§ EXERCISE
Return the data below exactly as given, except for the images.

§ INFORMATION SUPPLIED
....

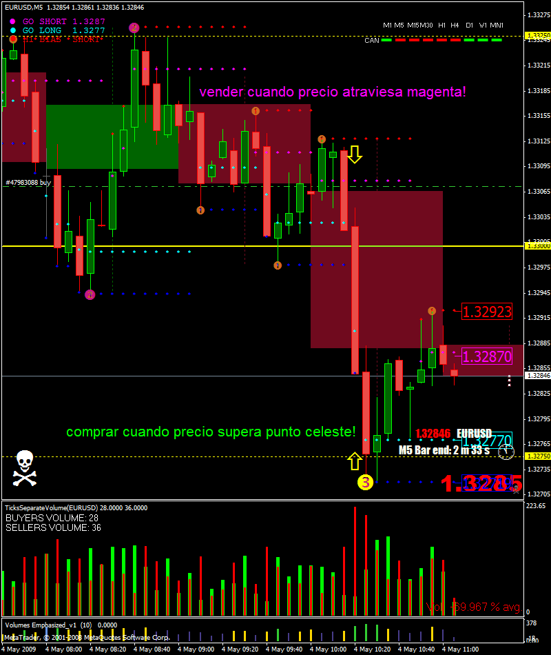 Ese indicador si que lo hizo TRO, esta en kreslik, pero no sirve para mucho. Me hacia gracia, te dice si hay mas compradores o vendedores en la actual vela, pero de un momento a otro cambia, osea que no sirve.
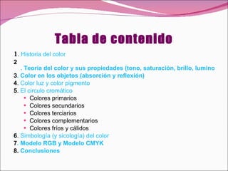 Este documento resume la historia, teoría y propiedades del color. Explica que Aristóteles y Da Vinci definieron los colores primarios y Newton descubrió que la luz blanca está compuesta de colores. Describe los atributos del color como tono, saturación y brillo. Explica que los objetos absorben y reflejan colores y los modelos RGB y CMYK. Finalmente, analiza la simbología de algunos colores.
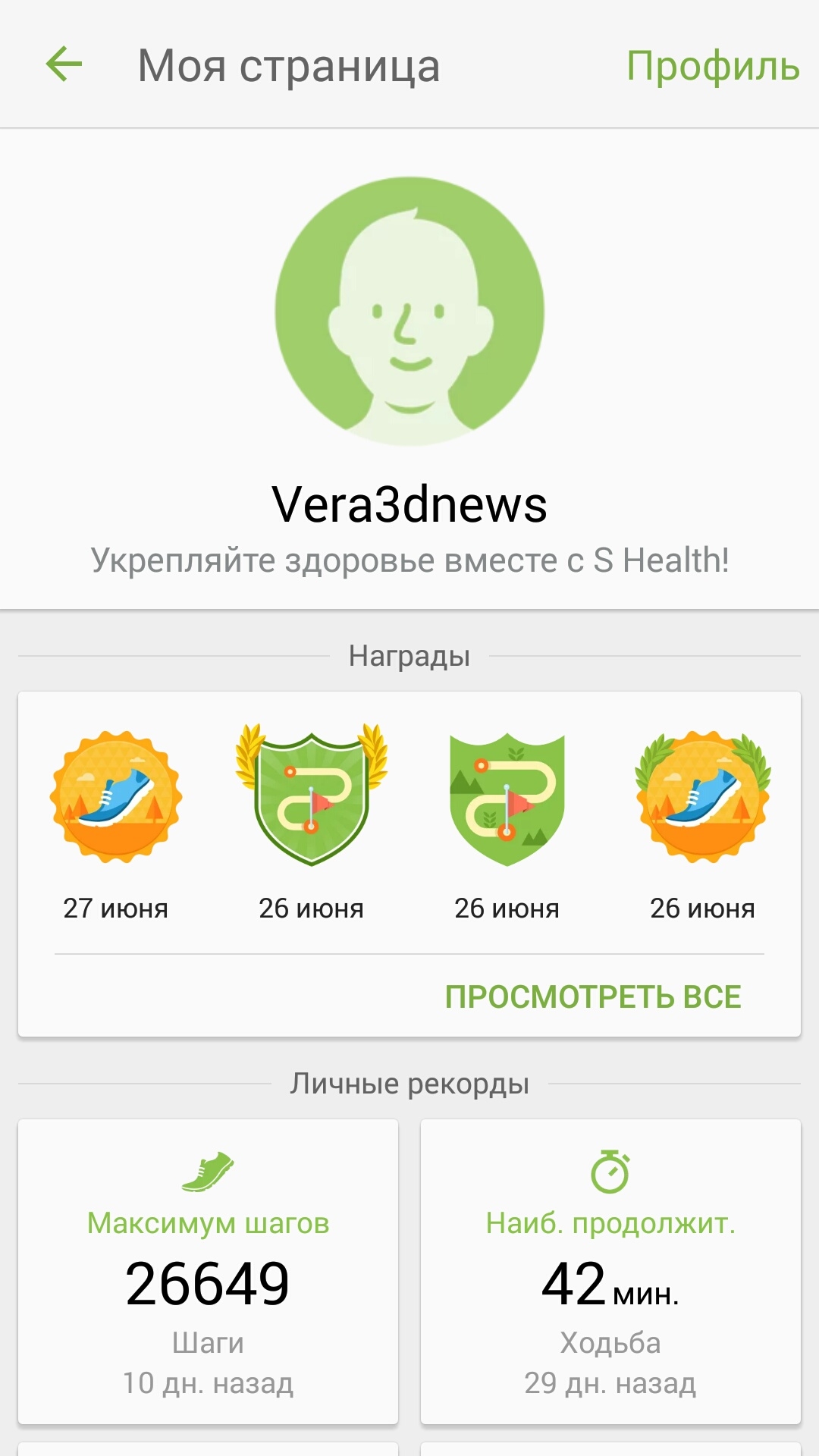 Приложение S Health уже чуть более функционально – сюда трекер пересылает данные о пройденных шагах. Приложение очень приятное и грамотное – но работает только с браслетами/часами Samsung, пусть и не только Charm. Можно, конечно, пользоваться S Health и без носимого гаджета вовсе – оно будет работать с шагомером телефона как с источником данных.
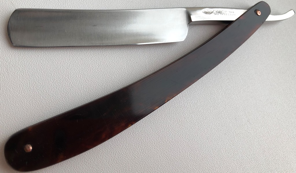 Бритва в очень хорошем состоянии , для своих лет.Мной не разбиралась, а если и разбиралась когда то, то очень давно, так как таких пинов сейчас не делают.Не уточена и имеет чуть заметные следы пользования.Сталь и кромка чистые, без дефектов.Родная роговая ручка также , в очень хорошем состоянии. Бритва миниатюрная, хотя достаточно увесистая, за счет своей формы лезвия. Подойдет не только для бритья, но и для коррекции усов и бороды.Можно порекомендовать опытным пользователям в качестве ещё одной в коллекцию, тем более вариант недорогой, но приятный во всех отношениях. Заточена и готова к бритью.

....

§ COMPLETED TASK
 Ese indicador si que lo hizo TRO, esta en kreslik, pero no sirve para mucho. Me hacia gracia, te dice si hay mas compradores o vendedores en la actual vela, pero de un momento a otro cambia, osea que no sirve.
 Este documento resume la historia, teoría y propiedades del color. Explica que Aristóteles y Da Vinci definieron los colores primarios y Newton descubrió que la luz blanca está compuesta de colores. Describe los atributos del color como tono, saturación y brillo. Explica que los objetos absorben y reflejan colores y los modelos RGB y CMYK. Finalmente, analiza la simbología de algunos colores.
 Приложение S Health уже чуть более функционально – сюда трекер пересылает данные о пройденных шагах. Приложение очень приятное и грамотное – но работает только с браслетами/часами Samsung, пусть и не только Charm. Можно, конечно, пользоваться S Health и без носимого гаджета вовсе – оно будет работать с шагомером телефона как с источником данных.
 Бритва в очень хорошем состоянии , для своих лет.Мной не разбиралась, а если и разбиралась когда то, то очень давно, так как таких пинов сейчас не делают.Не уточена и имеет чуть заметные следы пользования.Сталь и кромка чистые, без дефектов.Родная роговая ручка также , в очень хорошем состоянии. Бритва миниатюрная, хотя достаточно увесистая, за счет своей формы лезвия. Подойдет не только для бритья, но и для коррекции усов и бороды.Можно порекомендовать опытным пользователям в качестве ещё одной в коллекцию, тем более вариант недорогой, но приятный во всех отношениях. Заточена и готова к бритью.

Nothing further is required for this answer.